# IACV fried ECU??



## Mendoza (Jun 6, 2006)

I just want to know if a short-circuit on the IACV can fry the ECU? If yes, isn't there a fuse to protect the ECU against that kind of electrical problem. The dealer told me that I need to change both the IACV and ECU. He called an hour after to tell me that the MAF needs to be replace also...This is getting ridiculous...

The ECU has an 8 years warranty on it but since the IACV which is past it's 3 years warranty fried the ECU, the ECU's warranty is invalid...

And how the heck can they prove that the ECU hasn't fried by itself or that they fried it while working on the car...

My car was stalling everytime the idle went too low and I had the Service Engine Soon lit up. Maxima 2000 by the way! 

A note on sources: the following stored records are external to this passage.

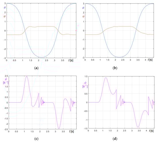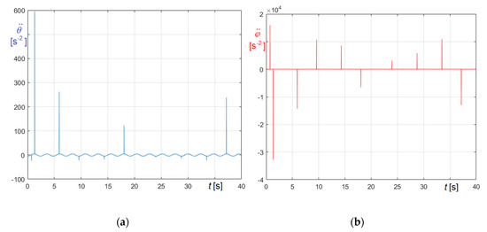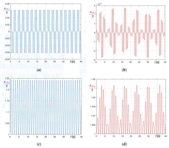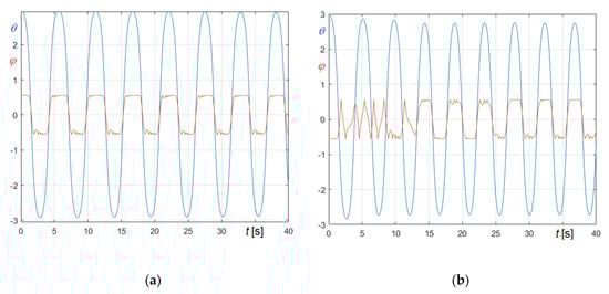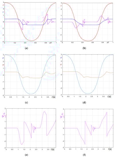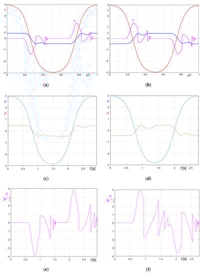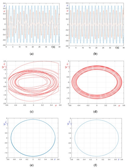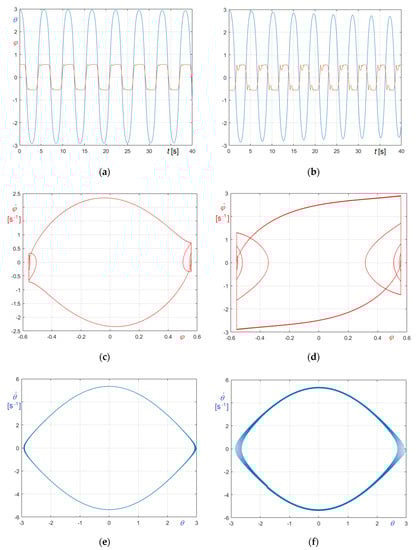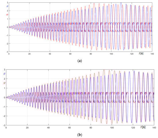 Obviously, Figure 27a refers to (Equation (74)), Figure 27b to (Equation (75)). The graphs clearly demonstrate that the period of the forcing frequency is automatically tuned on the period of the system, so certifying the capability of the proposed approach to simulate also constantly resonant excitations.
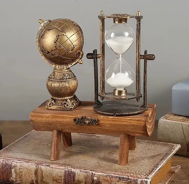 Декоративниот светски библолен песочен часовник нуди естетски дизајн и е идеален за вашата работна површина. Со димензии од 18×15 см, тој има времетраење на проток на песок од 27 секунди.
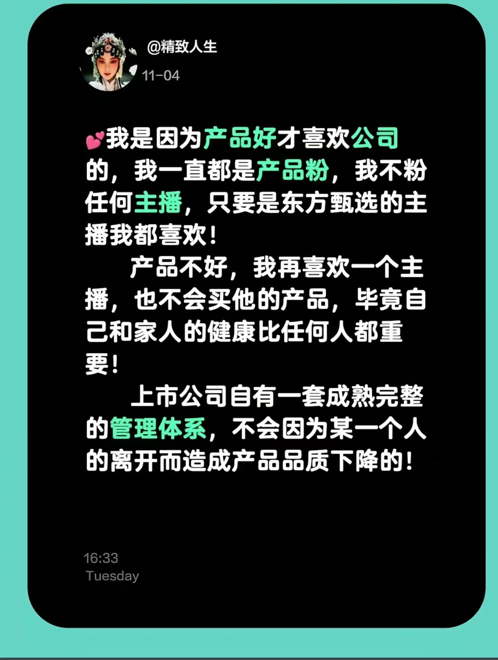 $东方甄选(HK|01797)$ 其实大家都知道我们自营品并不便宜,可为什么愿意买呢?这完全来源于对叔的信任。现在一些人粉丝开始把叔功劳抹掉真应了那句话,当你落魄时才发现身边人到底谁是人是鬼……

Thx for any reply on this...


----------



## metro273 (Sep 16, 2005)

Unfortunately, YES! Both need to be replaced cause at my dealership, this has happened 3 times in the past 6 months. The ECM should be covered under emissions warranty(8 years or 80K miles). Doesn't matter that the IAC valve fried the ECM, if it's still under emissions warranty, THE ECM IS COVERED. We cover it at my dealership!
Hope you have an extended warranty to cover the IAC valve plus the labor involved...


----------



## Mendoza (Jun 6, 2006)

metro273 said:


> Unfortunately, YES! Both need to be replaced cause at my dealership, this has happened 3 times in the past 6 months. The ECM should be covered under emissions warranty(8 years or 80K miles). Doesn't matter that the IAC valve fried the ECM, if it's still under emissions warranty, THE ECM IS COVERED. We cover it at my dealership!
> Hope you have an extended warranty to cover the IAC valve plus the labor involved...

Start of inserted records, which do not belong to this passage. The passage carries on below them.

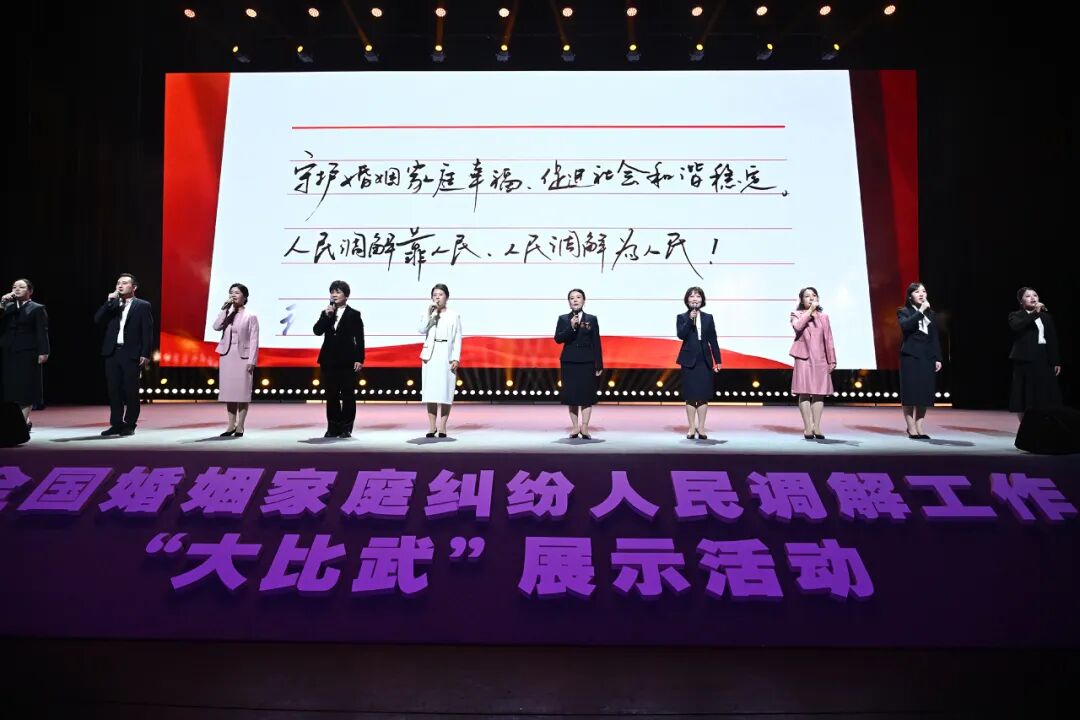 总决赛采用分段晋级模式,设置了笔试考察、知识竞答、模拟调解等环节,来自全国31 个省(区、市)和新疆生产建设兵团的32支代表队、96名调解员同台竞技,经过两天激烈角逐,最终产生了一等奖1名、二等奖5名、三等奖10名以及优秀奖80名。展示活动以“守护婚姻家庭幸福 促进社会和谐稳定”为主题,现场发布了全国婚姻家庭纠纷调解工作典型案例、婚姻家庭纠纷“总对总”在线诉调对接机制,宣布“全国婚姻家庭纠纷人民调解人才库”正式建立,集中展示了新时代婚调工作者的卓越风采,生动讲述了家文化传承与基层治理深度融合的中国调解故事。全国妇联副主席、书记处书记林怡,外国驻华使节、国际组织驻华代表观摩了决赛环节。
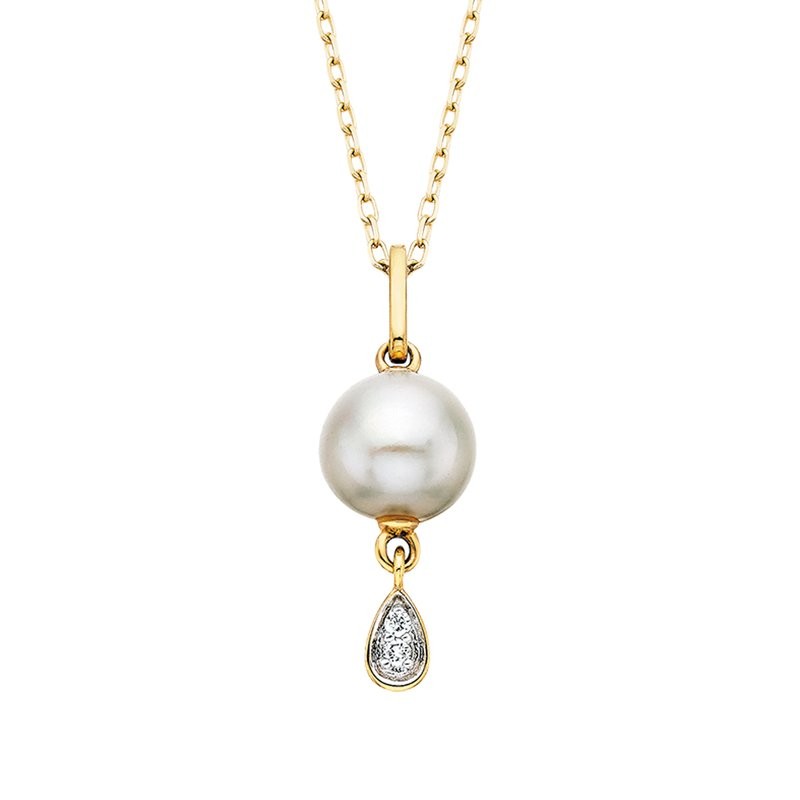 A luminous pearl glows at the heart of this classic pendant. A delicate teardrop cradling two twinkling diamonds dangles from the pearl, adding extra grace and movement. Total diamond weight is .02ct.
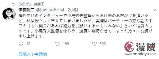 最近有报道称“伊藤润二在和小岛秀夫讨论一款新的恐怖游戏”,伊藤润二在自己的推特澄清了这一消息。他表示实际上只有“如果有机会的话,或许可以一起合作”这种程度,而非既成事实。
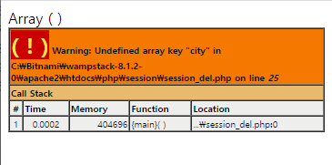 - 세션 변수가 지워짐 /// echo $_SESSION['city'];
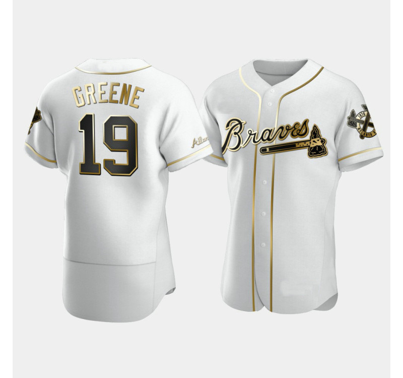 • Men's Braves #19 Shane Greene White Golden Edition Authentic Jersey
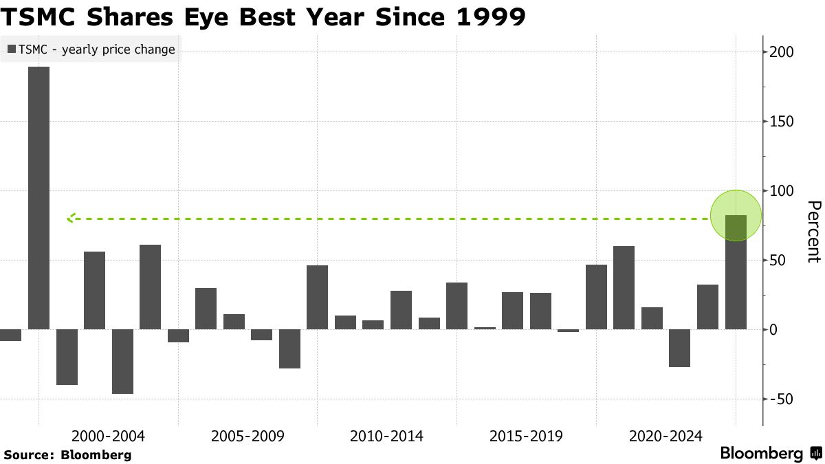 台湾半导体制造公司的股票触及历史新高,作为全球最大的合同芯片制造商,预计将实现25年来最佳的年度股票表现。

Thx for the answer! No I don't have any extended warranty on the IACV so I'm not mad about having to pay for it. I am about the ECM b/s. I called Nissan Canada and they told me that consequential damage isn't warrantied which sounds quite weak as an argument...I guess this is gonna end by a little trip at the small claims court...

I hope I can deal something out of this with Nissan before this last resort...

(ECU + MAF + IACV) + tax + labor = 2600$ CAN

Pathetic....


----------